--- DATA TO PROCESS Enclosed Below ---
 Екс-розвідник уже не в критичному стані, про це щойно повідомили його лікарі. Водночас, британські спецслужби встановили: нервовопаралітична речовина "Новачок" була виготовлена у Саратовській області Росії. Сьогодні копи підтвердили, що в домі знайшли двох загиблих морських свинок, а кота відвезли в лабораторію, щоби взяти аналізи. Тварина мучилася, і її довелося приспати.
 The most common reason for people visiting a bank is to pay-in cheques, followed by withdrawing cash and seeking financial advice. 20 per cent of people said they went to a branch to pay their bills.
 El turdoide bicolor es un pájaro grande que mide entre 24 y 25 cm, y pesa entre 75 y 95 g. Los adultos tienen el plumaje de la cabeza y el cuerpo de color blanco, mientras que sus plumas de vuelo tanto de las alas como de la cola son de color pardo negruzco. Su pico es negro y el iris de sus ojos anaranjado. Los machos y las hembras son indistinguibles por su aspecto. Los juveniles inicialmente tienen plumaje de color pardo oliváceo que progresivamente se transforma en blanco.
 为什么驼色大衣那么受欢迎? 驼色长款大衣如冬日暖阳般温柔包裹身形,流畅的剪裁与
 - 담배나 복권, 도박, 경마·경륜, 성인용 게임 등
--- End of Enclosed DATA TO PROCESS ---
--- DATA TO PROCESS Enclosed Below ---
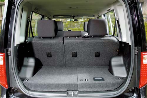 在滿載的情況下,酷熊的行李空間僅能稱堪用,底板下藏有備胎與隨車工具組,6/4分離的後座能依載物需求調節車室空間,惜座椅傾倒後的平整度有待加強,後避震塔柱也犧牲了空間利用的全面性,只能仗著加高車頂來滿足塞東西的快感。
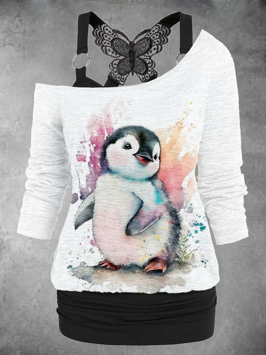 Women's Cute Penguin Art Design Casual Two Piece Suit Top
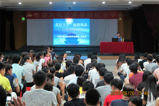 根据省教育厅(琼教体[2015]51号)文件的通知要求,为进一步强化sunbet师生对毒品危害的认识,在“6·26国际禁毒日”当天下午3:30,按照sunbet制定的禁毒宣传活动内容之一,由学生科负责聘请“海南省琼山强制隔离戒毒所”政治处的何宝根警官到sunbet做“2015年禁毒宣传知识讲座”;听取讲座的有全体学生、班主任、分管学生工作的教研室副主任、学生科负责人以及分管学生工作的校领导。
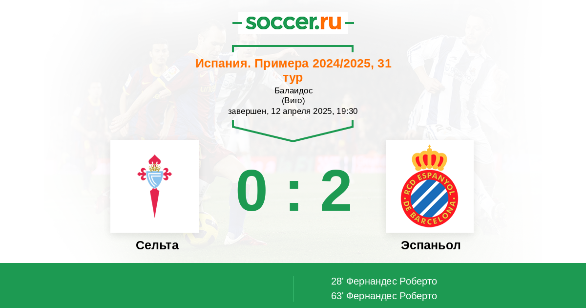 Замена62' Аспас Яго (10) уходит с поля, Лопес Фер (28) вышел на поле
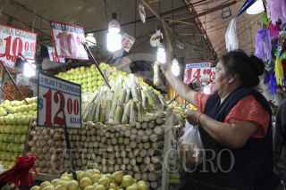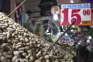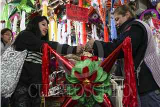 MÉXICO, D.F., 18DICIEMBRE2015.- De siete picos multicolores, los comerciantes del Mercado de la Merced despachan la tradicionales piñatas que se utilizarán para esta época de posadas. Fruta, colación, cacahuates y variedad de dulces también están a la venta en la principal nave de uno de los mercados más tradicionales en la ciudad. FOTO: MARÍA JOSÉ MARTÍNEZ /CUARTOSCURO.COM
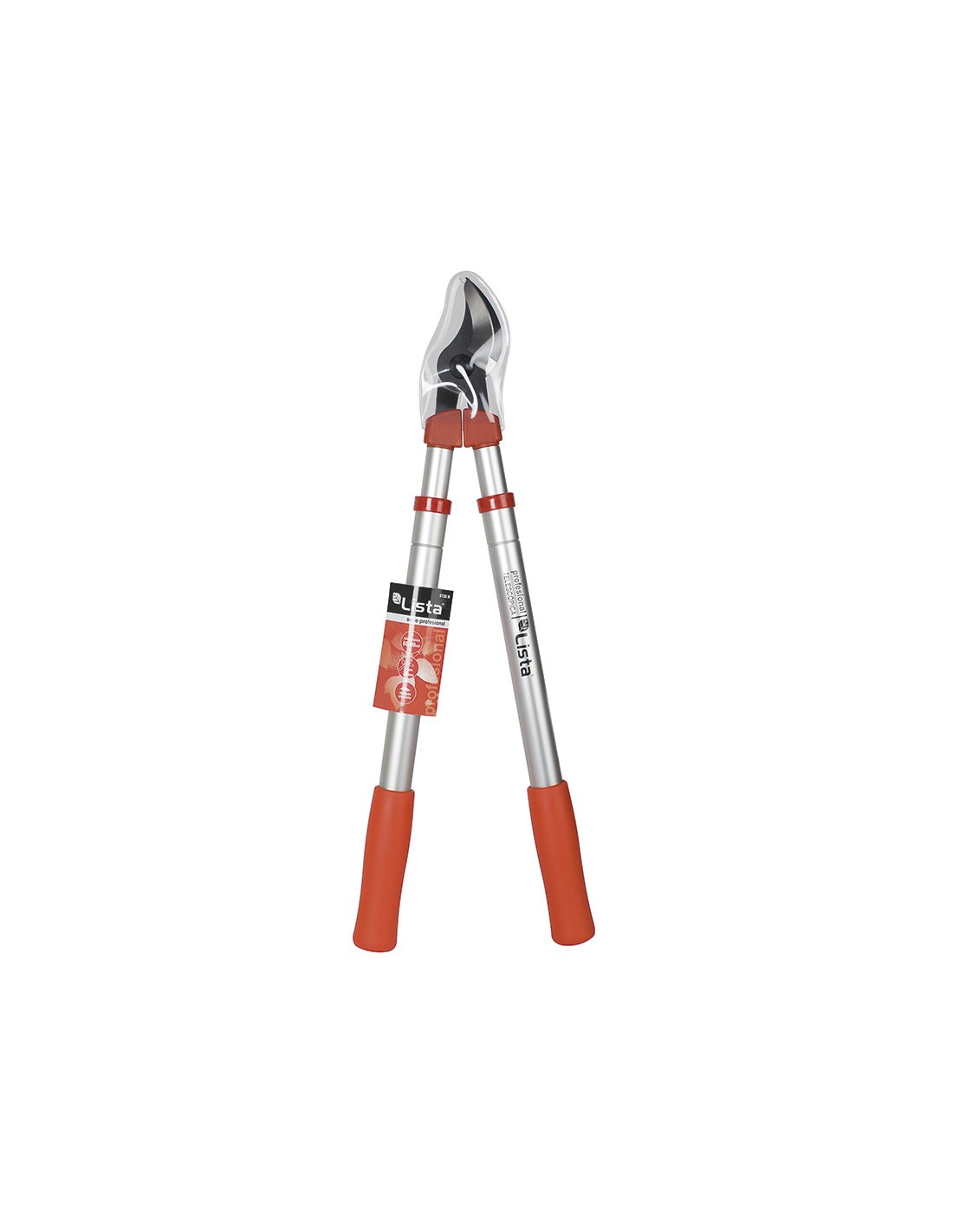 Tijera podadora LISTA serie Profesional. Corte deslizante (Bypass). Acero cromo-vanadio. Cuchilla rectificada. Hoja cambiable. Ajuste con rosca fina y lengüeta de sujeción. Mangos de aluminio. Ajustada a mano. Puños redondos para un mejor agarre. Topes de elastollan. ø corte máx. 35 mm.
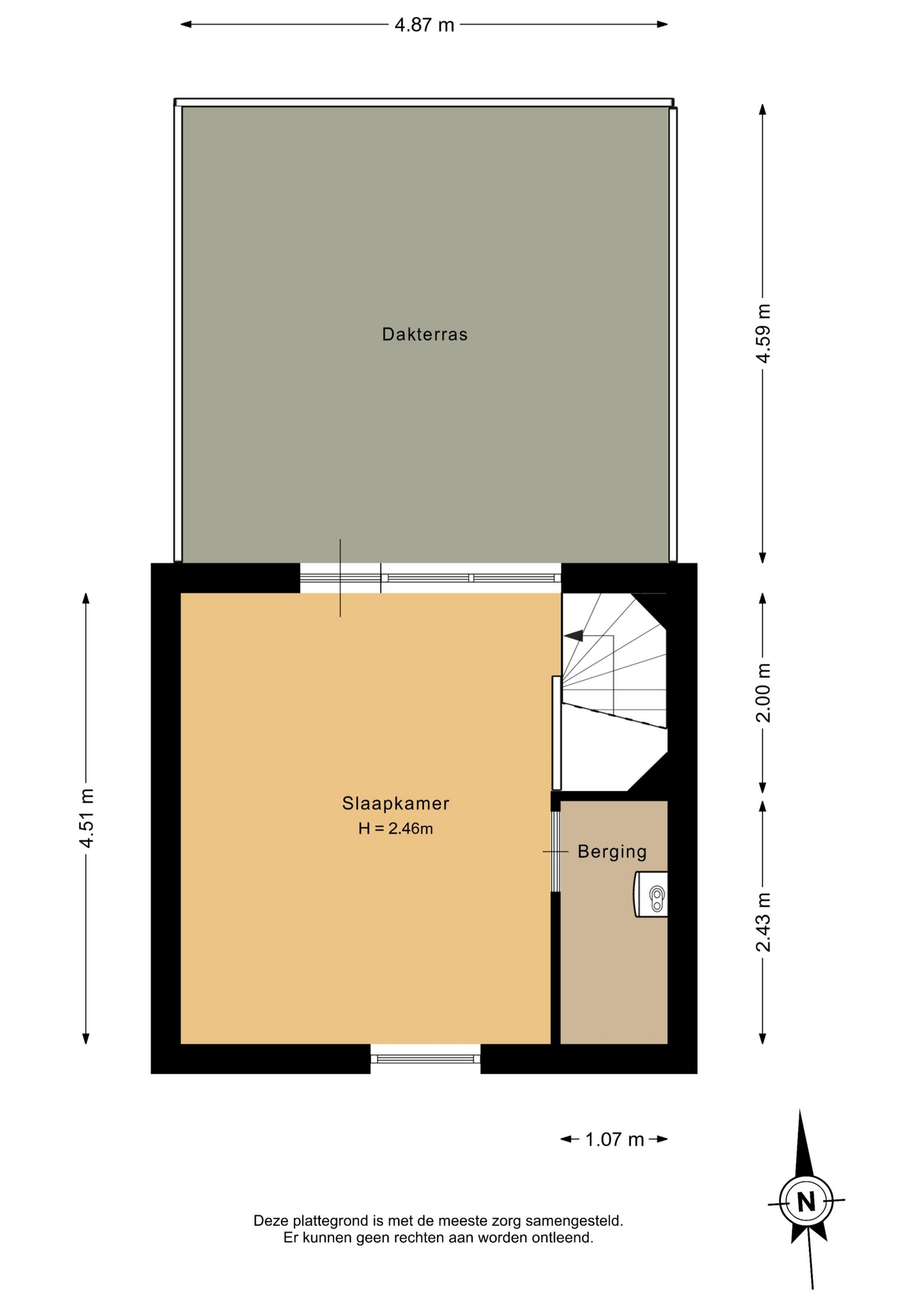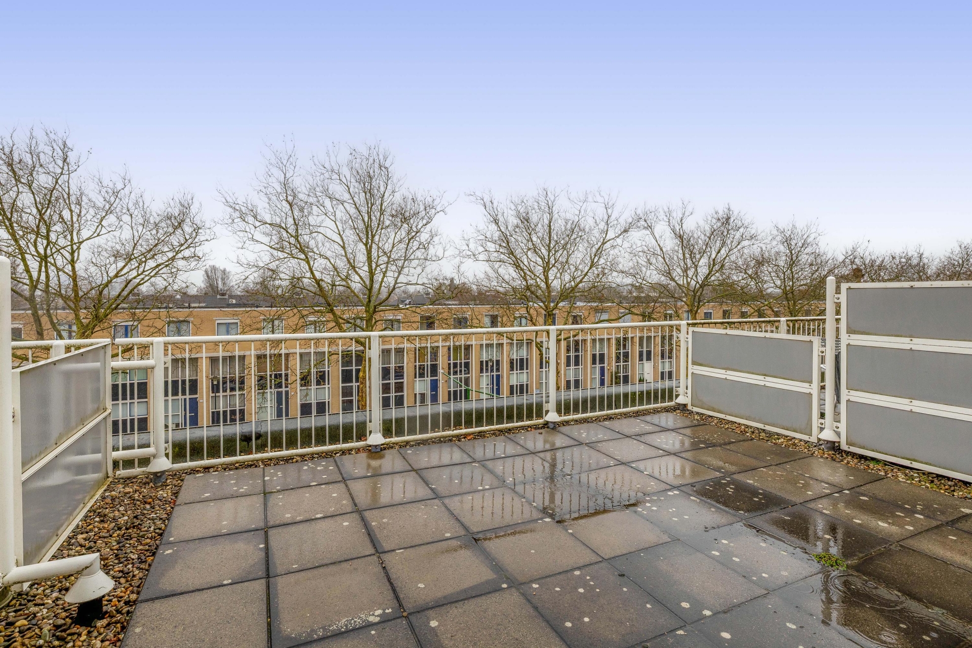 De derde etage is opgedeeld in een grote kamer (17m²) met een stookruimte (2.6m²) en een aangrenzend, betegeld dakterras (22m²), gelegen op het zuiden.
--- End of Enclosed DATA TO PROCESS ---
--- DATA TO PROCESS Enclosed Below ---
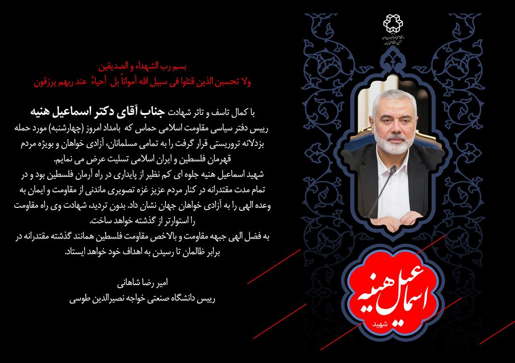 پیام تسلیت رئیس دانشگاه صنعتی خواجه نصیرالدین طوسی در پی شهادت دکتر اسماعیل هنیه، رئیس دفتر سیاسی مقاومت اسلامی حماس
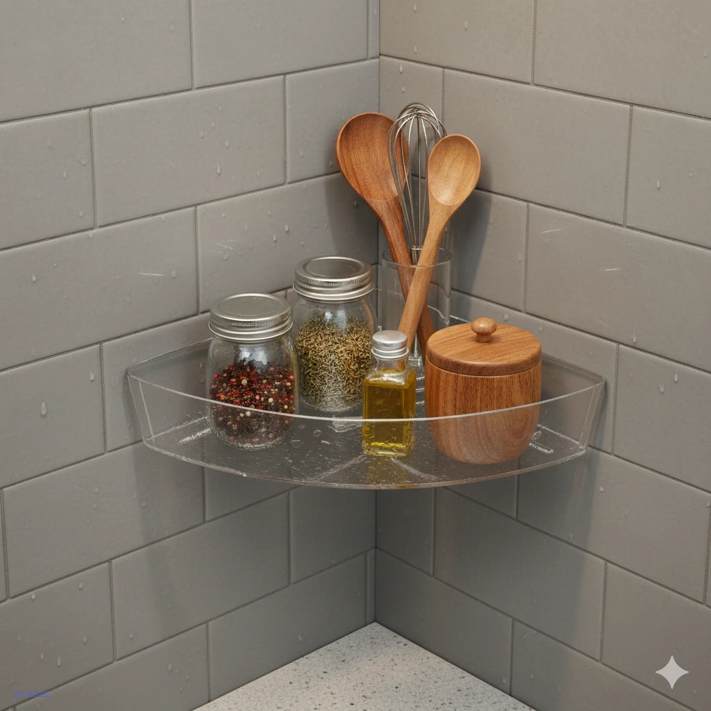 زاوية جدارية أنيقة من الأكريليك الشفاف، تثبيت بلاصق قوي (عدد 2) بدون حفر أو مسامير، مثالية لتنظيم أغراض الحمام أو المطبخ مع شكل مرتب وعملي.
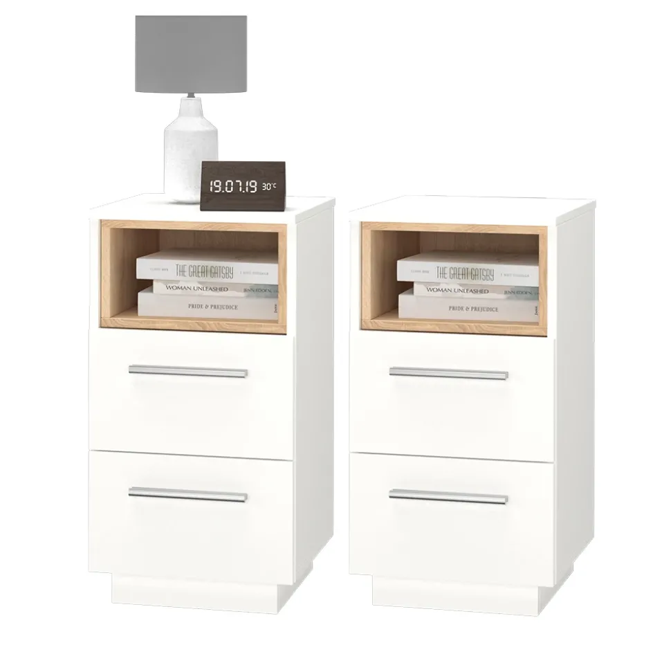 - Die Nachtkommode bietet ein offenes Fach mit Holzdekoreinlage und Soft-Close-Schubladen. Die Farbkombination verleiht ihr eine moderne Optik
--- End of Enclosed DATA TO PROCESS ---
EXERCISE GOAL:
Take the stretch of lines above from the one containing "Екс-розвідник уже не" through the one containing "- 담배나 복권, 도박, 경마·경륜, 성인용 게임 등" and repeat it exactly, adding no other line.

EXERCISE OUTPUT:
 Екс-розвідник уже не в критичному стані, про це щойно повідомили його лікарі. Водночас, британські спецслужби встановили: нервовопаралітична речовина "Новачок" була виготовлена у Саратовській області Росії. Сьогодні копи підтвердили, що в домі знайшли двох загиблих морських свинок, а кота відвезли в лабораторію, щоби взяти аналізи. Тварина мучилася, і її довелося приспати.
 The most common reason for people visiting a bank is to pay-in cheques, followed by withdrawing cash and seeking financial advice. 20 per cent of people said they went to a branch to pay their bills.
 El turdoide bicolor es un pájaro grande que mide entre 24 y 25 cm, y pesa entre 75 y 95 g. Los adultos tienen el plumaje de la cabeza y el cuerpo de color blanco, mientras que sus plumas de vuelo tanto de las alas como de la cola son de color pardo negruzco. Su pico es negro y el iris de sus ojos anaranjado. Los machos y las hembras son indistinguibles por su aspecto. Los juveniles inicialmente tienen plumaje de color pardo oliváceo que progresivamente se transforma en blanco.
 为什么驼色大衣那么受欢迎? 驼色长款大衣如冬日暖阳般温柔包裹身形,流畅的剪裁与
 - 담배나 복권, 도박, 경마·경륜, 성인용 게임 등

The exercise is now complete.